This demo implements a one-dimensional neural integrator.
This example utilizes a recurrent network. It shows how neurons can be used to implement stable dynamics. Such dynamics are important for memory, noise cleanup, statistical inference, and many other dynamic transformations.
[1]:
import matplotlib.pyplot as plt
%matplotlib inline
import nengo
from nengo.processes import Piecewise
import nengo_loihi
nengo_loihi.set_defaults()
/home/travis/build/nengo/nengo-loihi/nengo_loihi/version.py:23: UserWarning: This version of `nengo_loihi` has not been tested with your `nengo` version (3.0.0.dev0). The latest fully supported version is 2.8.0
nengo.__version__, latest_nengo_version))
/home/travis/virtualenv/python3.5.2/lib/python3.5/site-packages/nengo_dl/version.py:32: UserWarning: This version of `nengo_dl` has not been tested with your `nengo` version (3.0.0.dev0). The latest fully supported version is 2.8.0.
((nengo.version.version,) + latest_nengo_version))
WARNING: Logging before flag parsing goes to stderr.
W0624 00:12:09.300890 140527998367552 deprecation_wrapper.py:119] From /home/travis/virtualenv/python3.5.2/lib/python3.5/site-packages/nengo_dl/__init__.py:55: The name tf.logging.set_verbosity is deprecated. Please use tf.compat.v1.logging.set_verbosity instead.
W0624 00:12:09.302154 140527998367552 deprecation_wrapper.py:119] From /home/travis/virtualenv/python3.5.2/lib/python3.5/site-packages/nengo_dl/__init__.py:55: The name tf.logging.WARN is deprecated. Please use tf.compat.v1.logging.WARN instead.
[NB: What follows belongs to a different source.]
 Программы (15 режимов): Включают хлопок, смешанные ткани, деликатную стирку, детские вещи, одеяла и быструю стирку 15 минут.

Our model consists of one recurrently connected ensemble, and an input node. The input node will provide a piecewise step function as input so that we can see the effects of recurrence.
[2]:
with nengo.Network(label='Integrator') as model:
ens = nengo.Ensemble(n_neurons=120, dimensions=1)
stim = nengo.Node(
Piecewise({
0: 0,
0.2: 1,
1: 0,
2: -2,
3: 0,
4: 1,
5: 0
}))
# Connect the population to itself
tau = 0.1
nengo.Connection(ens, ens,
transform=[[1]],
synapse=tau)
nengo.Connection(
stim, ens, transform=[[tau]], synapse=tau)
# Collect data for plotting
stim_probe = nengo.Probe(stim)
ens_probe = nengo.Probe(ens, synapse=0.01)
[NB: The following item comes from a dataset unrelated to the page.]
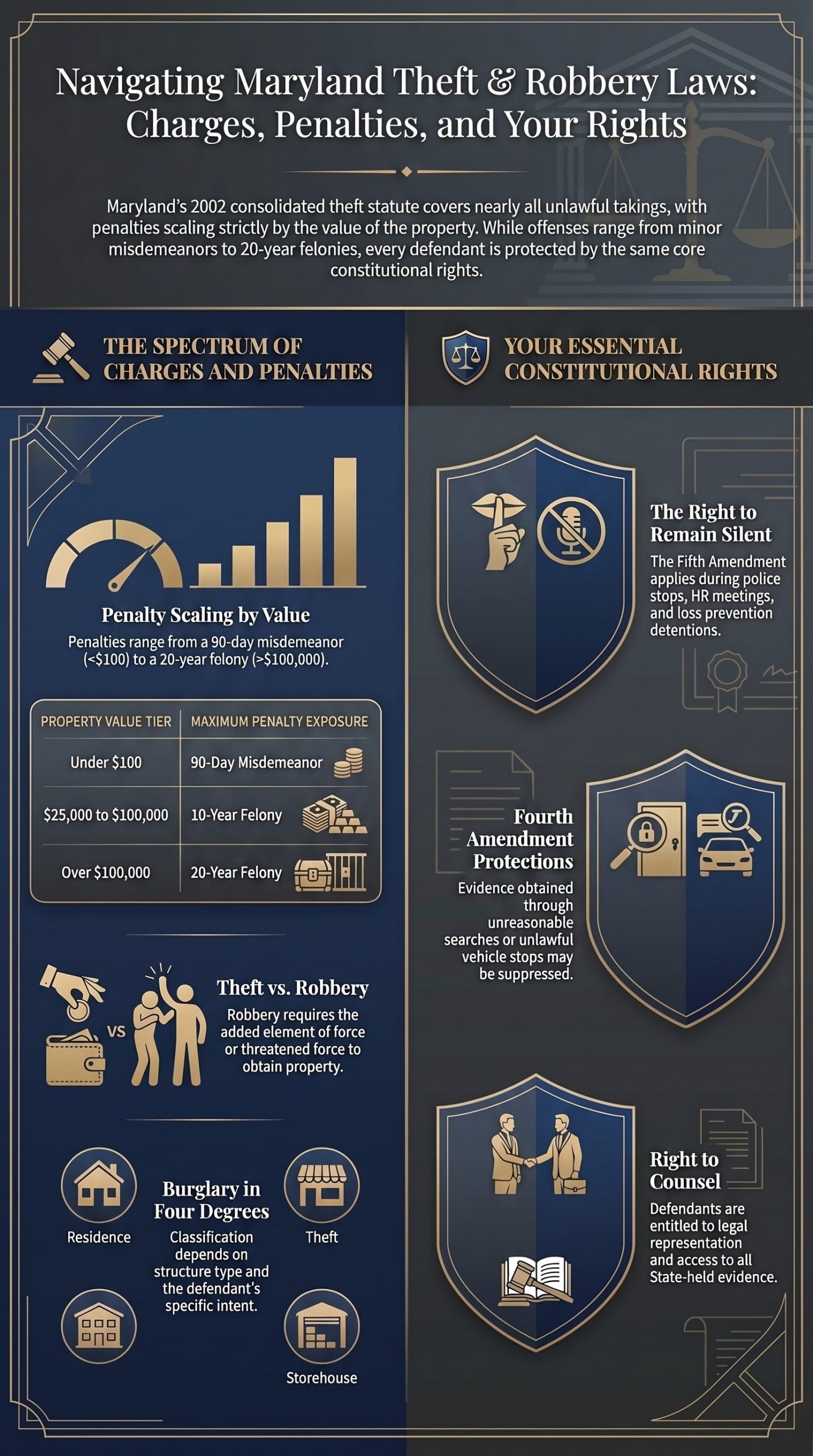 Maryland consolidated its theft offenses into a single statute in 2002, and Criminal Law § 7-104 now reaches almost every form of unlawful taking, conversion, or deception involving property. The penalty depends entirely on the value of what was allegedly taken: under $100 is a 90 day misdemeanor; over $100,000 is a 20 year felony. Robbery sits in a separate part of the code under § 3-402 and adds the element of force or threatened force. Armed robbery, carjacking, and burglary in four degrees each carry their own statutory frameworks, with felony exposure that climbs into decades of incarceration. Every defendant in every one of these cases retains the same set of constitutional and statutory rights from the moment of arrest, and those rights are usually the difference between a conviction and a defense.

We can use Nengo to see the desired model output.
[3]:
with nengo.Simulator(model) as sim:
sim.run(6)
t = sim.trange()
[4]:
def plot_decoded(t, data):
plt.figure()
plt.plot(t, data[stim_probe], label="Input")
plt.plot(t, data[ens_probe], 'k', label="Integrator output")
plt.legend()
plot_decoded(t, sim.data)
[5]:
with nengo_loihi.Simulator(model) as sim:
sim.run(6)
t = sim.trange()
/home/travis/build/nengo/nengo-loihi/nengo_loihi/discretize.py:468: UserWarning: Lost 2 extra bits in weight rounding
warnings.warn("Lost %d extra bits in weight rounding" % (-s2,))
[6]:
plot_decoded(t, sim.data)
The network integrates its input, but without input decays quicker than the Nengo model. Likely the same workarounds discussed in the communication channel example will be useful here.